Exposing the Lies and Crimes of Bird Advocates, Wildlife Biologists, the United States Fish and Wildlife Service, PETA, the Humane Society of the United States, Exterminators, Vivisectors, the Scientific Community, Fur Traffickers, Cloners, Breeders, Designer Pet Purveyors, Hoarders, Motorists, the United States Military, and Other Ailurophobes

Saturday, February 09, 2013

New Start Cat Rescue Center Abruptly Kills Off Victoria after the Cancer Returns to Her Already Ravaged Ears

The Ill-Fated Victoria Following Emergency Surgery

"She was so brave. But the vet confirmed my worst fears that the cancer had returned. There were no options left for her."
-- Wendy Hyde of New Start Cat Rescue Center

Victoria, a long-suffering victim of skin cancer, has been killed off by her foster mother, Wendy Hyde of the New Start Cat Rescue Center (NSCRC) in Newent, eight miles northeast of Gloucester. Although no specific date has been given for her execution, it is believed that the foul deed was committed just after Christmas.
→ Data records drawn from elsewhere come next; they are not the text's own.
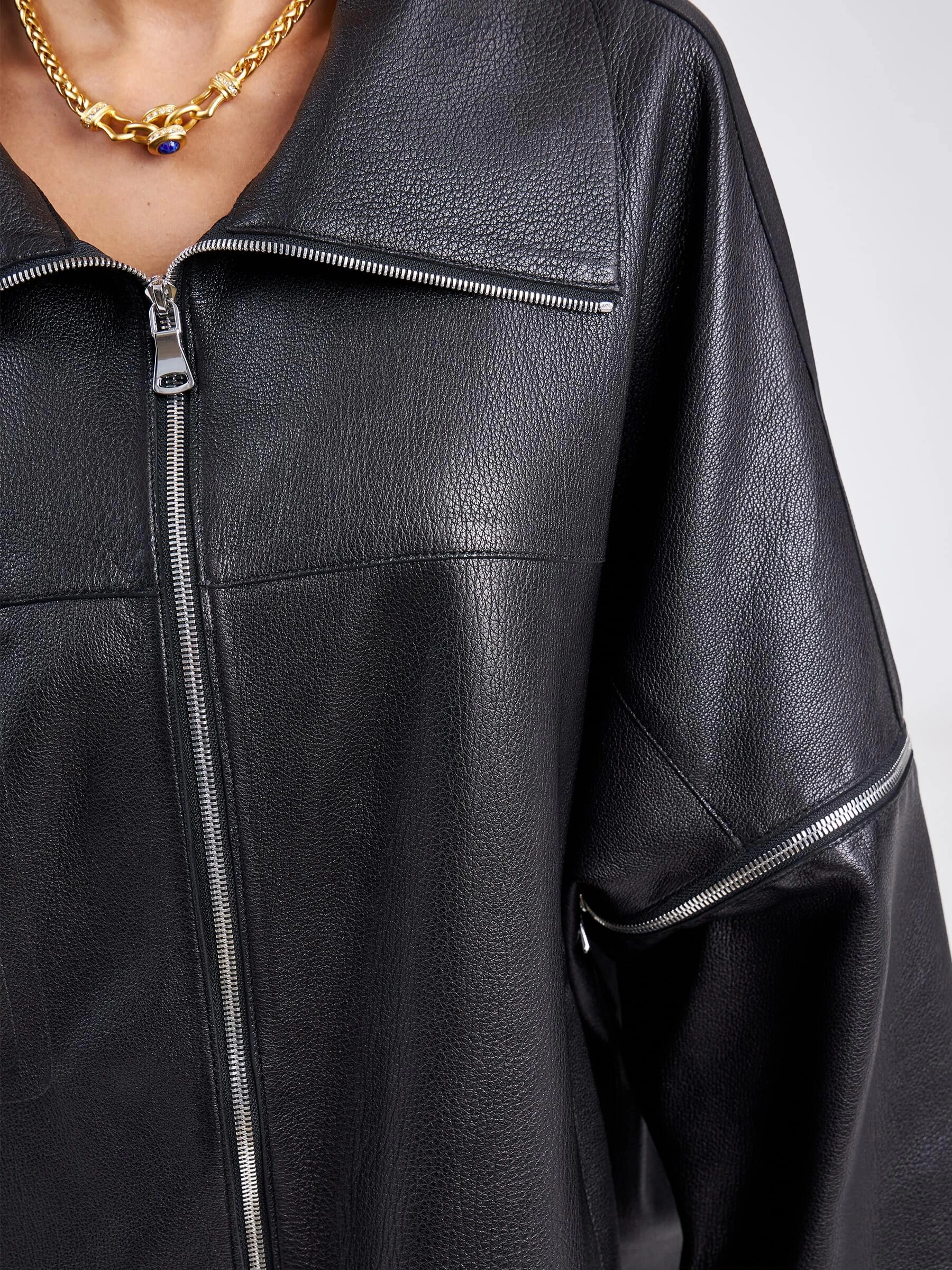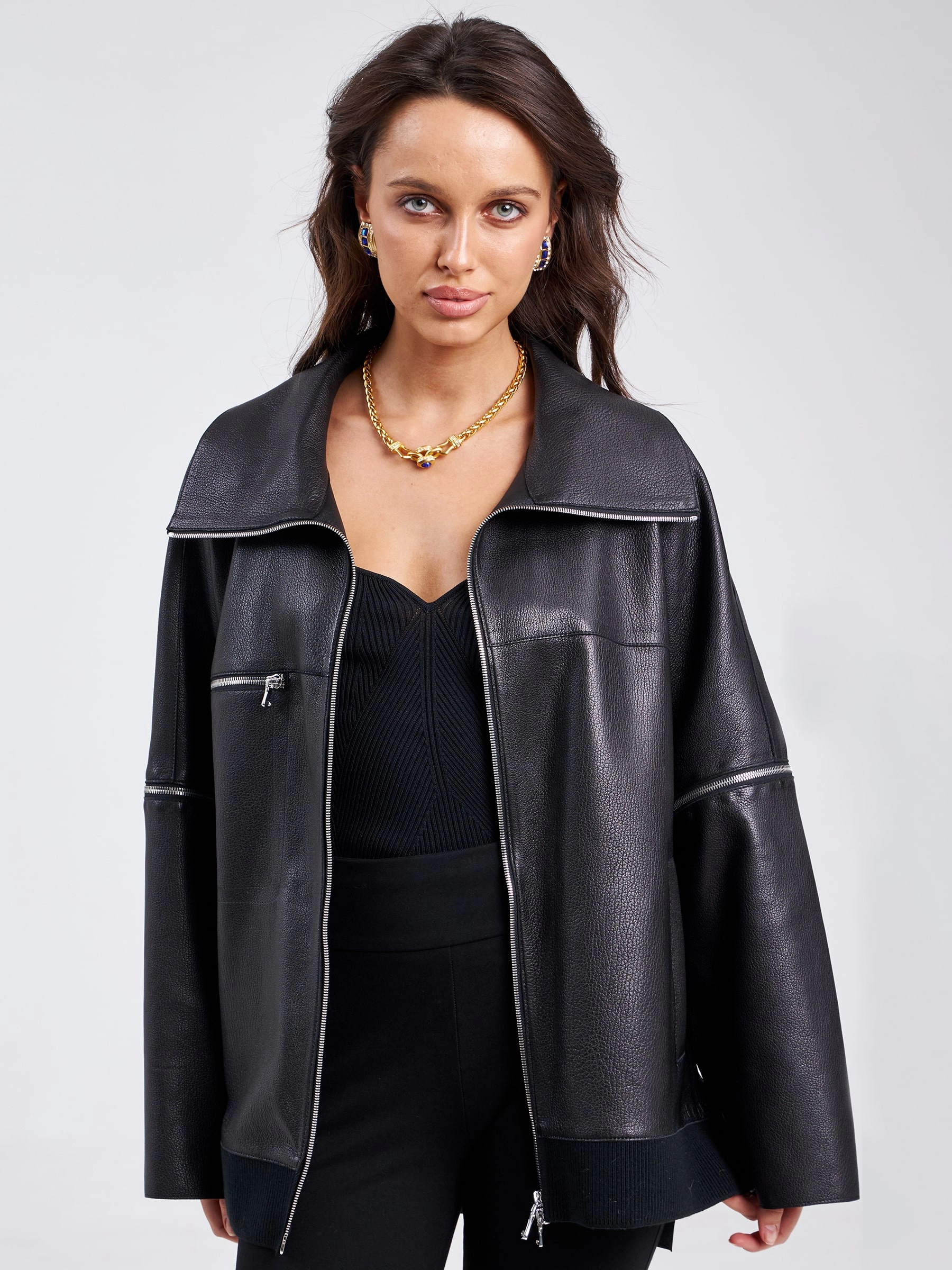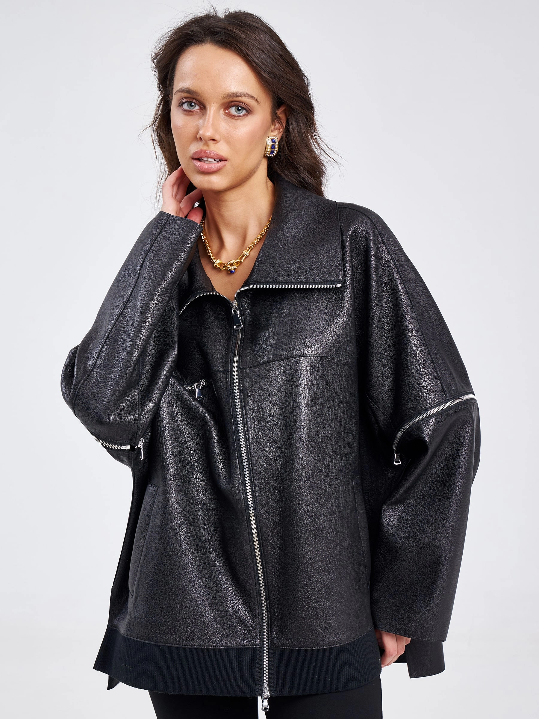 Премиальная кожаная куртка‑жакет оверсайз для сезона весна–лето воплощает стиль и комфорт: выполнена из натуральной кожи высшего качества, имеет свободный крой и длину 76 см, спущенный рукав и широкий рукав‑трансформер для дополнительной функциональности, отложной воротник легко трансформируется в стойку, придавая образу нужную выразительность, модель дополнена практичными карманами и трикотажной резинкой по низу, не имеет капюшона, отделки и подкладки, застёгивается на молнию. Эта вещь идеально подойдёт и в качестве куртки, и как элегантный жакет, органично впишется как в повседневный, так и в более строгий гардероб. Стилисты советуют сочетать её с приталенными или полуприталенными вещами —например, с узкими джинсами, облегающим платьем‑футляром или юбкой‑карандашом: контраст силуэтов подчеркнёт универсальность куртки‑жакета и сделает образ гармоничным. Для кэжуал‑лука дополните образ массивными ботинками или кедами и минималистичной сумкой, а для более элегантного варианта выберите ботильоны на устойчивом к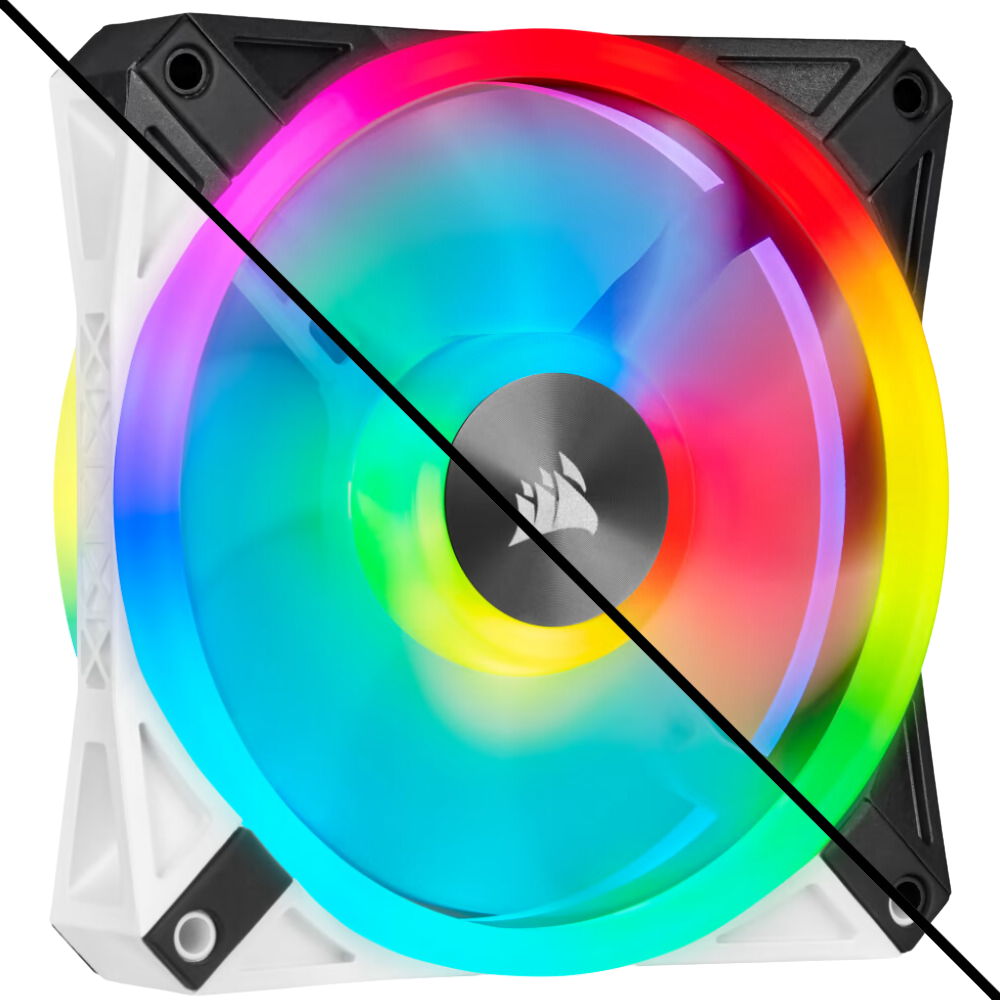 - Give your PC stunning lighting from any angle with the CORSAIR iCUE QL120 RGB PWM fan, equipped with 34 individually addressable RGB LEDs across four distinct light rings in a glossy white enclosure.
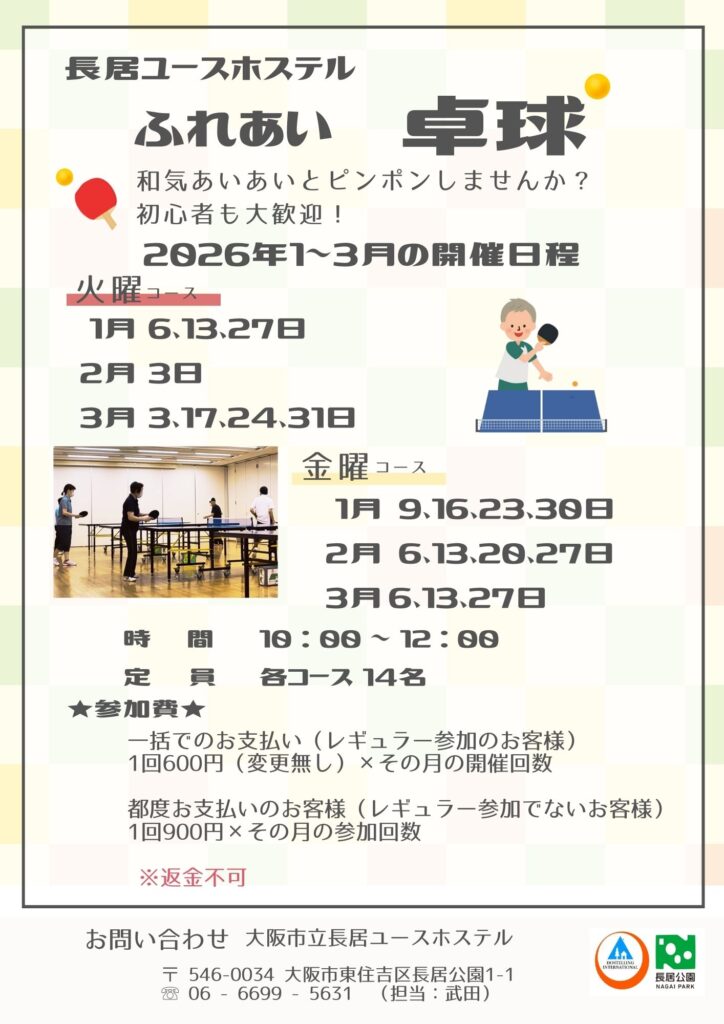 お申し込み 大阪市立長居ユースホステル 06-6699-5631 担当:武田

Victoria made headlines around the world after she was found wandering the streets of Newent on October 14th. By that time her cancer-ravaged ears had become such an unremitting source of torment that she was left with no alternative other than to attempt to remove them with her claws. In fact, by the time that she was found her left ear had been left uselessly dangling at the side of her face.

Because of her obvious ease around people it is suspected that she at one time had a permanent home and later was abandoned. It is unclear, however, if she was deserted before or after she contracted cancer.

Nevertheless, since she was a white-haired cat she should not have been left out in the sun for any prolonged period of time without being equipped with either sunscreen or some sort of protective headgear. Adding to her miseries, she was forced to procure shelter, food, and water as well as to elude both human and animal predators during that horrible time. Considering all of that, it is amazing that she was able to hold on for as long as she did.

Upon arrival at NSCRC Victoria underwent emergency surgery and was released into the care of the charity's Wendy Hyde. She later was forced to make a return trip to the veterinarian in order to have an infection treated but otherwise things were looking up for her.

"She's not out of the woods yet but she's certainly on the mend," Hyde reported in late October. "...she is a lot more perky now and she's taken over my living room." (See Cat Defender post of November 14, 2012 entitled "In Utter Desperation, Victoria Claws Off Her Rotting Ears after She Is Stricken with Cancer and Abandoned to Aimlessly Wander the Forbidding Streets of Newent.")

Individuals in both London and on the Isle of Jersey generously had offered to provide her with a permanent home and donations in the excess of £500 poured in from as far afield as Canada, New Zealand, and China. All of that coupled with Hyde's earlier statements served only to make the unexpected announcement of her death all the more shocking and heartbreaking.

"She was so brave. But the vet confirmed my worst fears that the cancer had returned," Hyde informed The Citizen of Gloucester on January 5th. (See "Cat with No Ears Which Captured Readers' Hearts Dies.") "There were no options left for her."

Although words fail to do justice to what Victoria was forced to endure, NSCRC's elliptical account of events is sorely lacking in both specifics and candor. Most glaringly, it has not revealed any details of either the cancer or what measures were taken in order to treat it.

This is mere supposition but more than likely Victoria was suffering from cutaneous squamous cell carcinoma which is an especially aggressive cancer that it difficult to treat. Not withstanding that, surgery is not the only means of combating that deadly disease. For instance, radiation and photodynamic therapy, the latter of which improvises a combination of dyes and lasers, could have been tried.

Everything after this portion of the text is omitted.